Robert Govers, who worked on the Limburg strategy, said: “Most of the time private sector players find it very hard to understand how this [place brand] helps them to improve their business.

“In their day-to-day jobs they are mainly focused on selling products or services to consumers. They say things like ‘borders are irrelevant for us, how can they help us to sell our products?’”

This could present a significant challenge for Limburg. Nevertheless, some of the province’s most important firms are already convinced. When I visited Limburg in April, I spoke with two prominent local businessmen who support the cross-border mentality and actively leverage it in their business approach.

The first person I met was Jo Cox, director of Smurfit Kappa Roermond Papier, part of the Smurfit Kappa Group. The Limburg-based mill is one of the largest in Europe and boasts strong output growth and performance. The Smurfit Kappa group prides itself on its sustainable approach to manufacturing and the Roermond Papier mill, managed by Cox, recently won an award for Bio Strategy of the Year.

Cox said: “For a big business like this, it’s important that we have no variations in currency. Also, Germany is a very strong economy, as we all know, and so we can take the opportunities it offers. All markets are accessible from here. We deliver to France, the UK, Poland, and so on. We also have good water connections, not just motorways. Our transportation costs are low. We’re the best in class regarding transport costs, because of our superb location.”

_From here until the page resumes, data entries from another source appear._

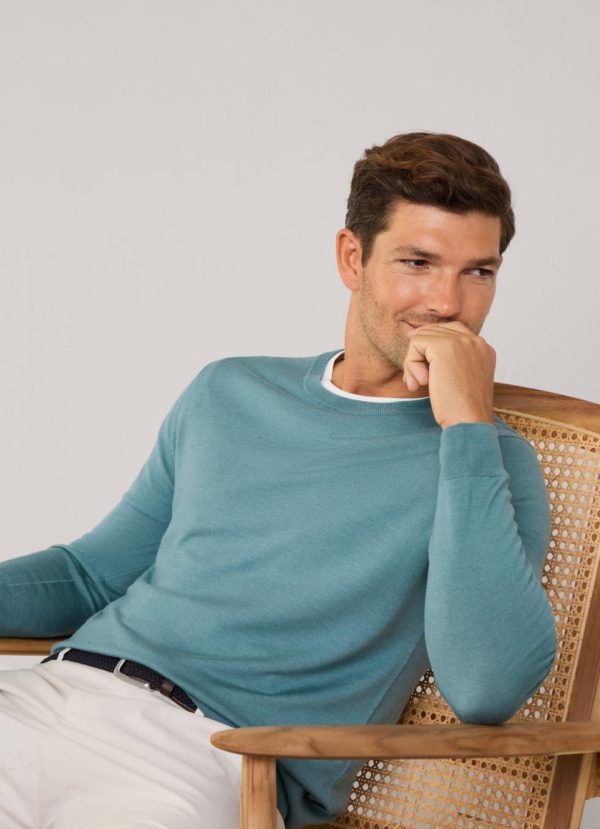 Façonnable Knitwear | Men Merino Wool Crew Neck Jumper Meadow Blue
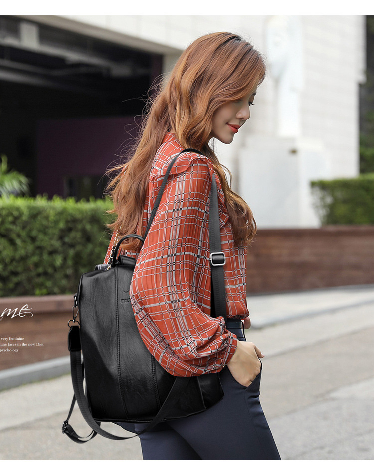Mochila escolar de cuero suave estilo coreano, bolso antirrobo para mujer, diseño moderno
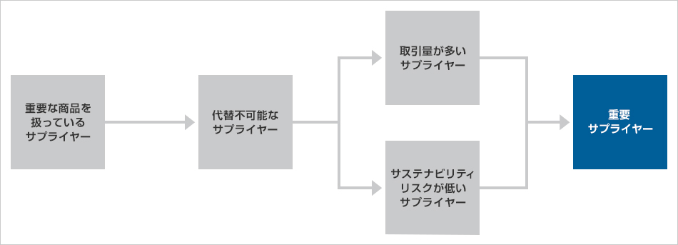 当社のサプライヤーは世界に2,000社以上存在しますが、サプライチェーンマネジメントにおいては、取引量や代替可能性の観点に加え、環境・社会・ガバナンスのESGの側面を考慮し、前年度の購入金額の上位80%以上を目安に重要サプライヤーを定め、広範にわたるサプライヤーの中における重要サプライヤーとして、適切なサプライチェーンマネジメントを行っています。
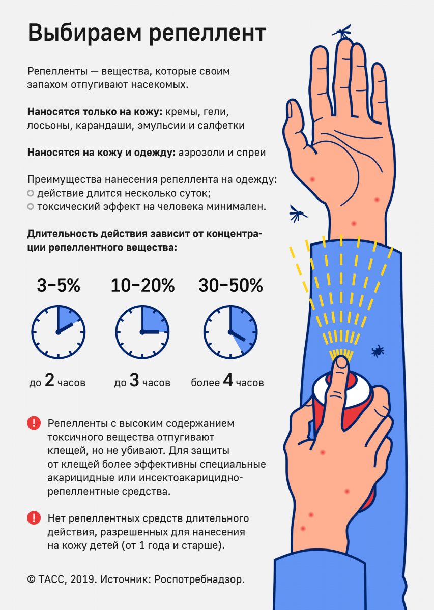 Приобретаете репеллентное средство в аэрозольной упаковке или спрей, содержащий более 25% ДЭТА (на этикетке должно быть написано: время защитного действия от насекомых при нанесении на кожу более 4 часов, при нанесении на одежду — до 20 суток).
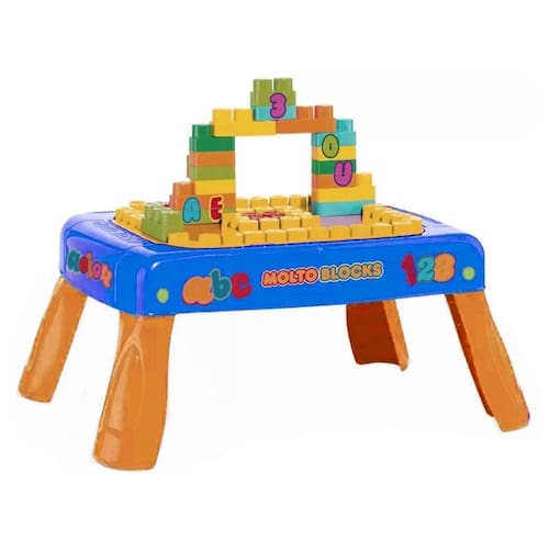 Baby Land Mesinha Criativa é um brinquedo super divertido e educativo. Vem com 20 blocos e adesivos de letras e números para as crianças colarem e aprenderem! Os pés da mesinha são retráteis, assim você pode fechar e levar para onde quiser. A tampa da mesinha possui uma trava, assim os blocos podem ficar guardados e organizados.
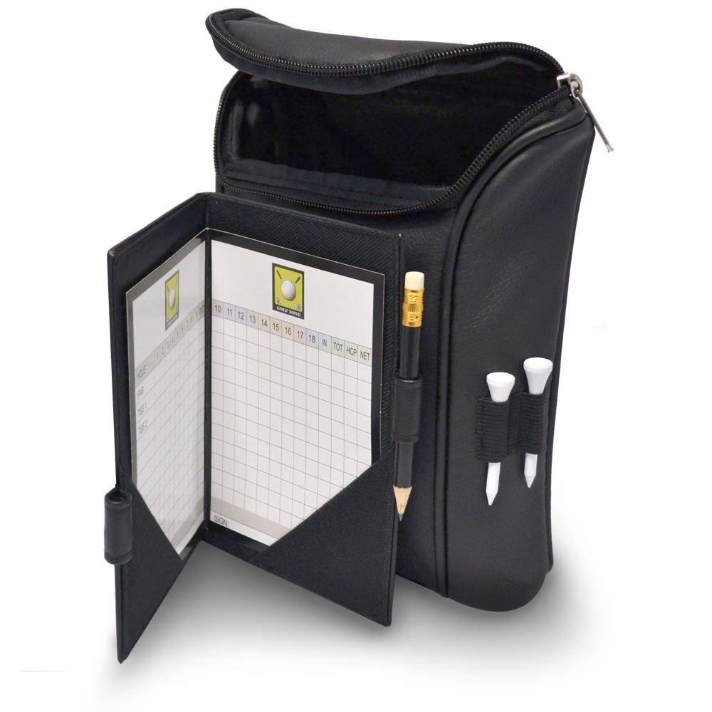 Quality faux leather look with a stylish design Scorecard upholstered sleeve Pencil and 4 tees included
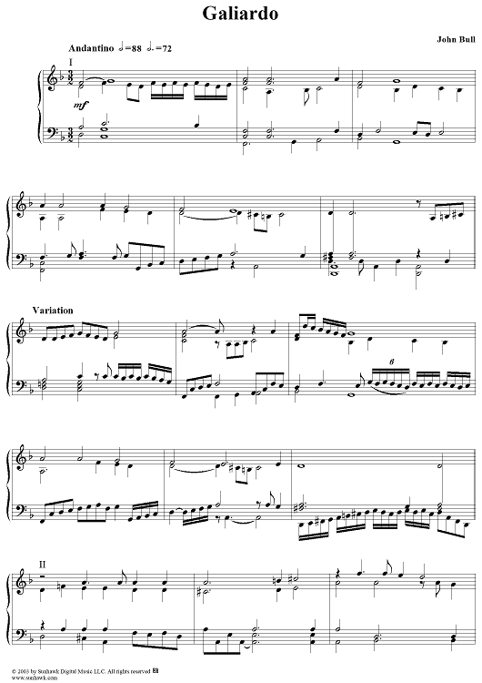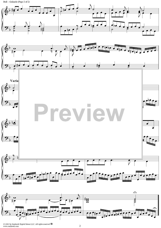 Digital Sheet Music for Galiardo in D Minor by John Bull scored for Piano Solo; id:294338
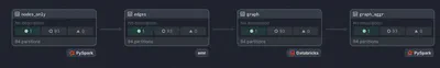 With dagster multiple steps can be chained easily. To showcase the swap of the execution environment: you can see that some assets use Pyspark in local mode. Others use EMR and others use Databricks.
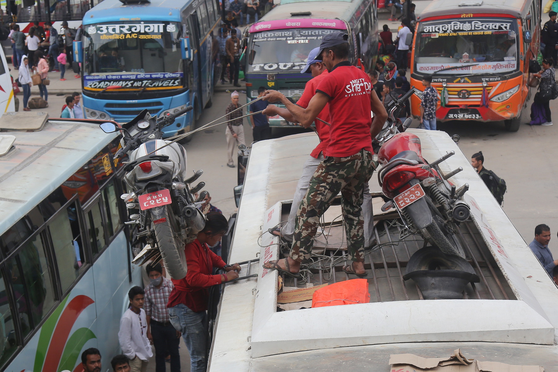Workers load motorcycles on a bus bound for Rukum in Kathmandu. They charge anywhere between Rs 1,000 and Rs 1,500 to put a motorcycle atop a bus. Kabin Adhikari/TKP
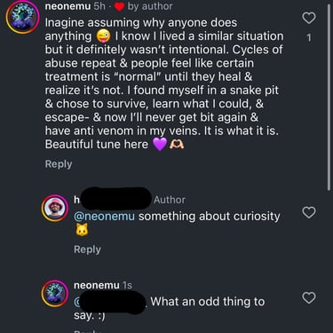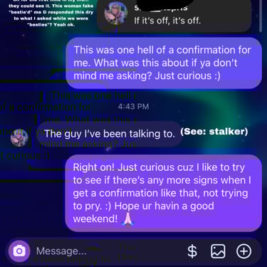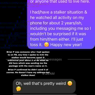I’ve quietly endured a long-term campaign of unwanted attention, manipulation, and psychological pressure that has affected my physical space, muted my ability to share my gifts with the world out of fear that they’d misuse something I said or did again, prevented me from feeling safe going places, talking to my friends, celebrating or supporting them, or taking performance gigs. They would send packages to my home with the friend's I had JUST talked to on my cell to scare me after watching my cell activity for YEARS, had people I consider "friends" express interest in knowing everyone and everywhere I hung out, sent people towards me to get my new cell phone number once I finally started becoming aware of the surveillance, and even involved my own neighbor Robert in 203 in covering up their packages by reclaiming them from me and even rushing to try to steal my new phone off of my porch right after I checked my cell phone they were watching and saw it's delivery notice). This has deeply affected my emotional well-being and it is very clear that it has been intentional all along. While I’ve taken action behind the scenes, the truth is that I’ve carried this alone for too long. That ends now.
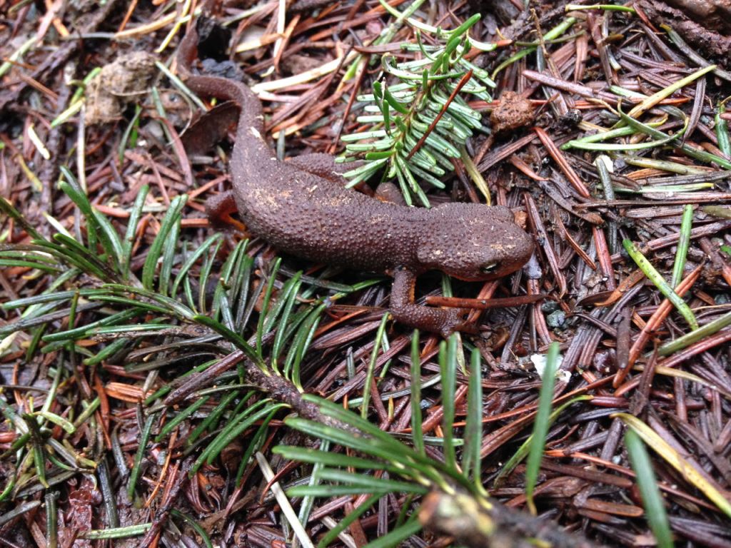 The return trip was delayed twice when Ben discovered rough-skinned newts on the trail. I don’t know how he spotted them, they blended in so well.
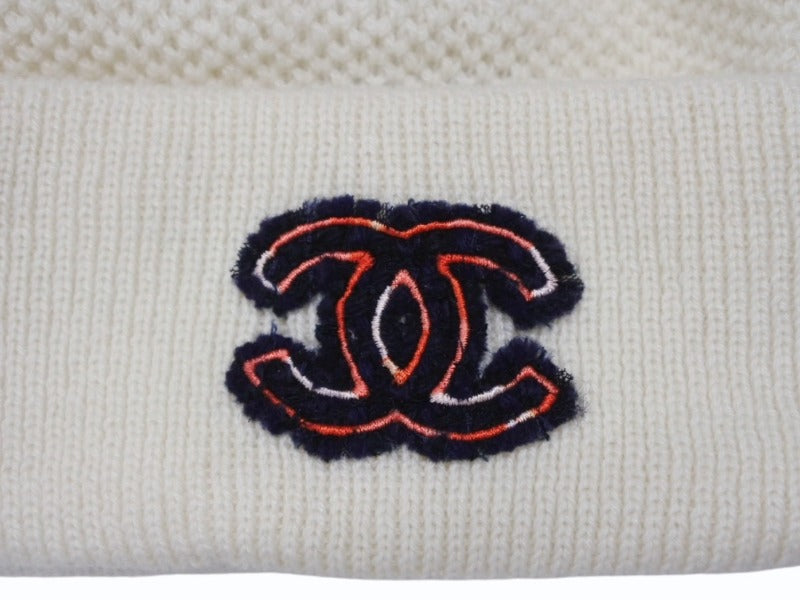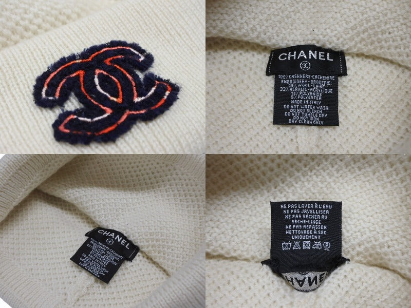 極美品 CHANEL シャネル 23AW CC Logo Beanie CCロゴ ビーニー AA6880 ココマーク カシミヤ アイボリー ジェニー着用モデル 中古 4b007699
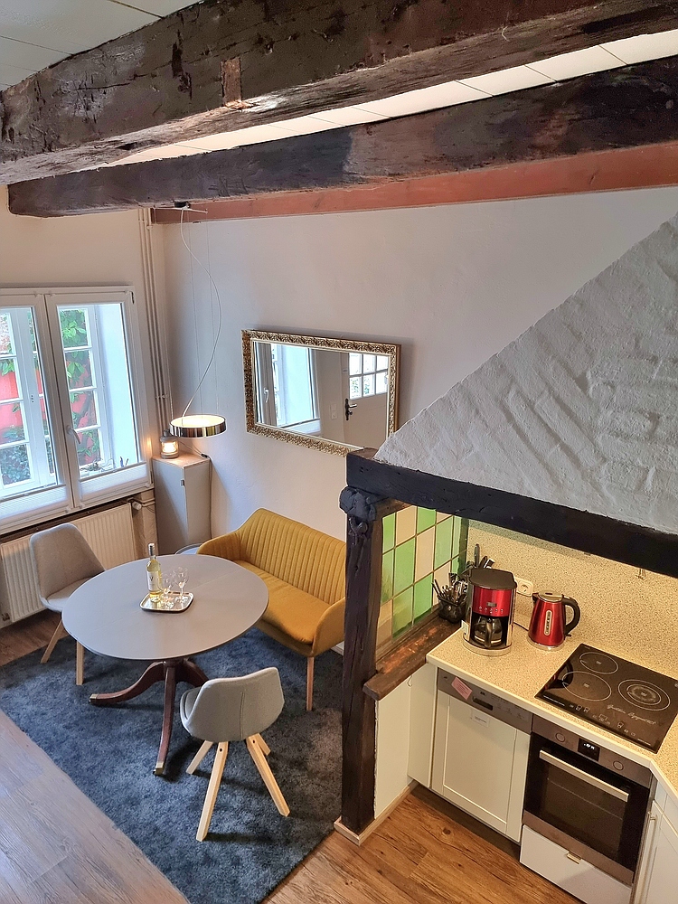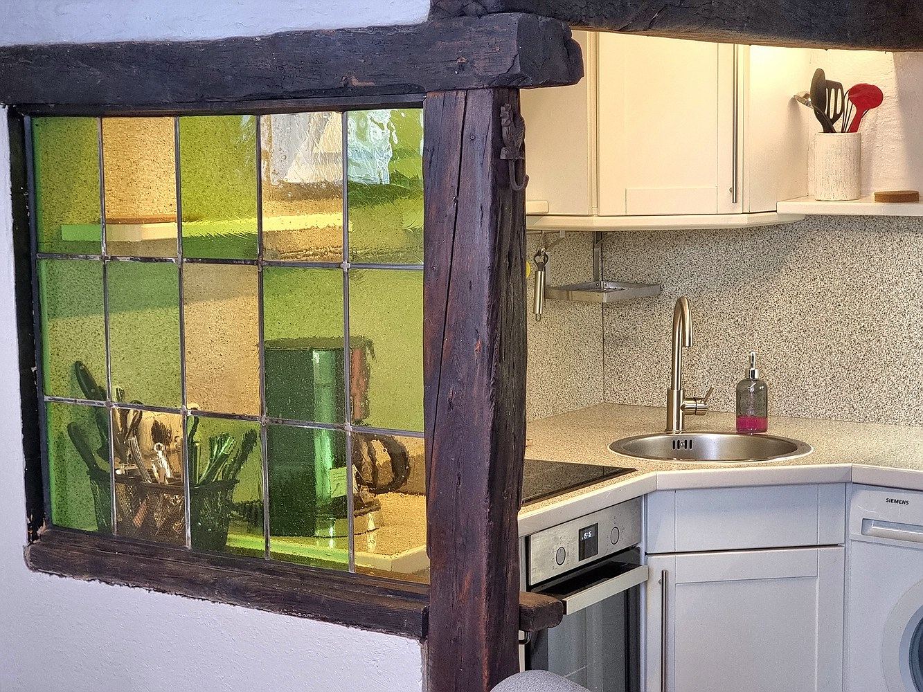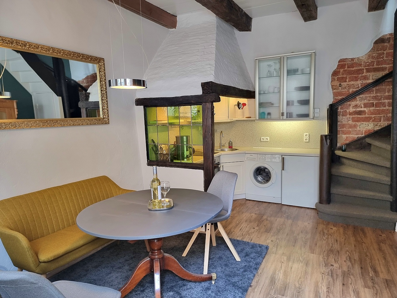 Das Herz des Hauses ist die gemütliche Wohnküche im Erdgeschoss. Unter der 3m hohen Holzbalkendecke lässt es sich wunderbar kochen und zusammen sitzen.
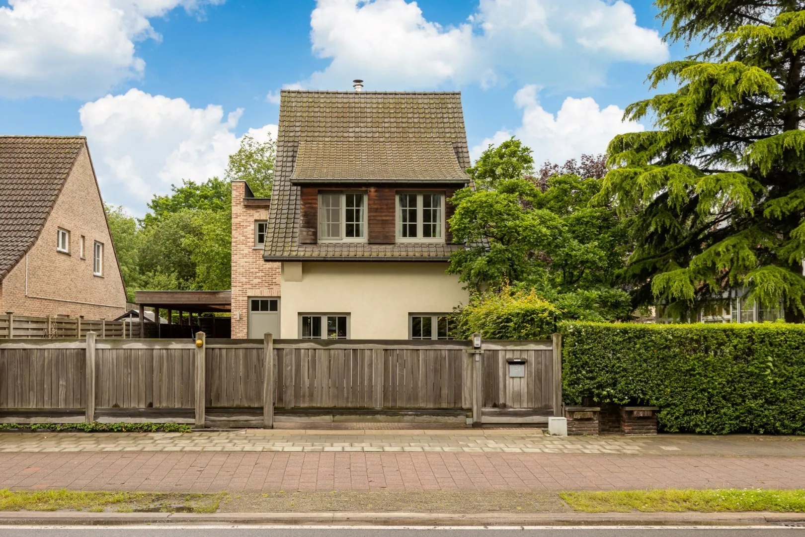 Er is een carport voor twee wagens en een ruime oprit die plaats biedt voor 2-3 extra wagens.
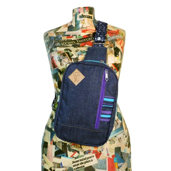 Mochila cruzada, de jean completamente forrada, con bolsillo en frente y bolsillo interno, cierre doble en cuerpo.
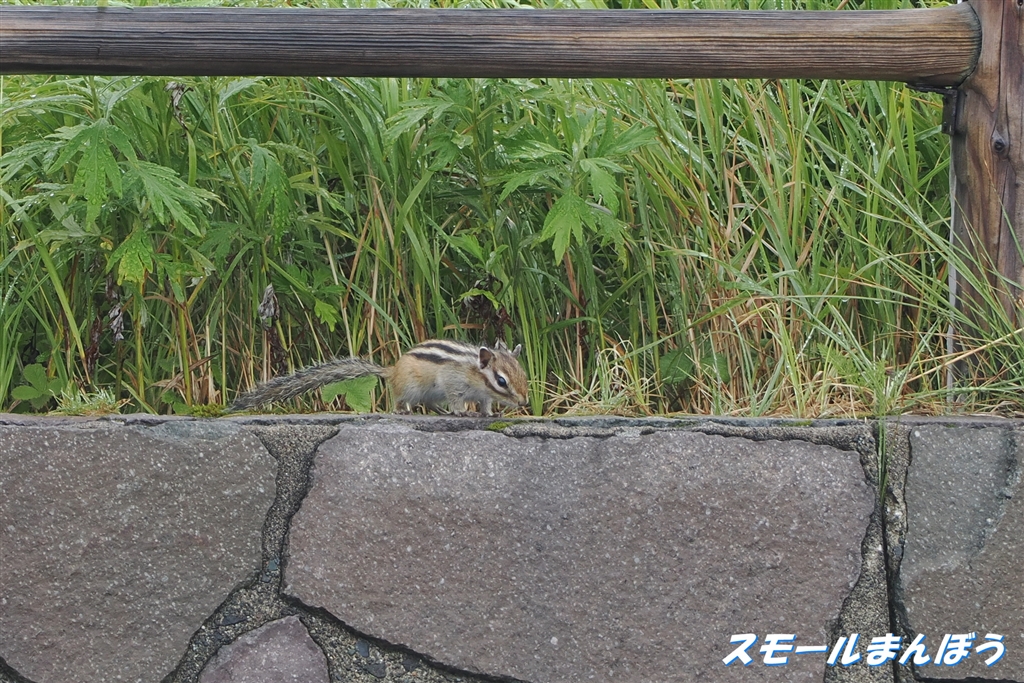 駐車場を見たら、エゾシマリスがいました
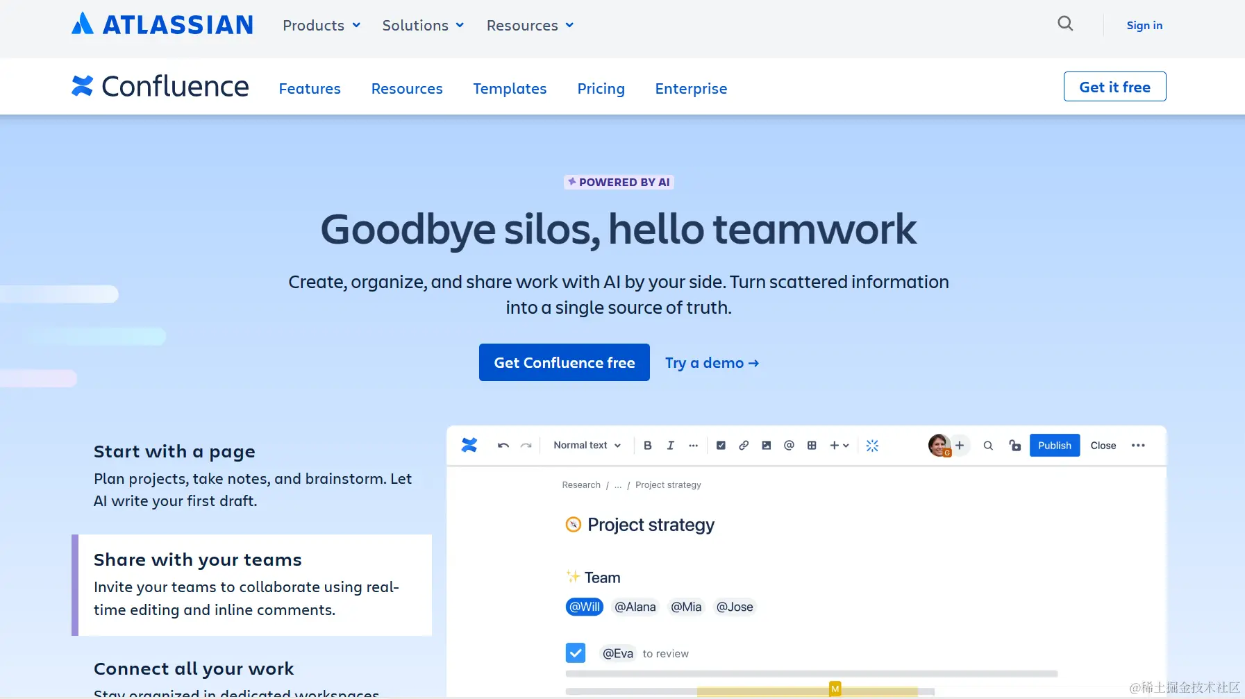 Confluence是一个专业的企业知识管理与协同软件,也是一个wiki,旨在帮助团队成员之间实现高效协作和知识共享。它由Atlassian公司推出,非商业用途可以免费使用。

“There are 26 million people within a small radius of here [Roermond] so that’s very important. But it’s also extremely important that we have the right work ethos. We have really good people in this area. At the end of the day, it’s all about the motivation of the people,” he continued.

Paper manufacturing is not the only industry that can benefit from a cross-border location. It makes sense that Limburg’s unique geography would be highly beneficial to a company specialising in international transportation and logistics.

Seacon Logistics is headquartered in the Limburgian town and logistical hotspot of Venlo, where it has been operating since 1985. It is now the biggest company in North Limburg.

The company has a presence in over 75 countries and uses a multi-modal approach including land, rail and sea transportation methods. Seacon Logistics understands the power of leveraging the cross-border mentality, and in doing so has become closely aligned with the wider goals of Connect Limburg.

Corné Geerts, Seacon Logistics managing director, said: “From a logistics perspective, it’s very important to have close cooperation with Germany. Germany has the perfect rail infrastructure, going deep into the hinterland of Europe.”

“Obviously it’s hard for Limburg to compete with Amsterdam, where a lot of companies settle, because it has very good international connections. I don’t think it’s feasible yet for anywhere in Limburg to compete with an international city like Amsterdam,” he continued.

“But looking one step ahead, because real estate prices are so much lower here, Limburg could become an attractive alternative for internationals, not just the Dutch. Amsterdam is so congested and expensive. Often people just want to live somewhere calm and quiet,” said Geerts.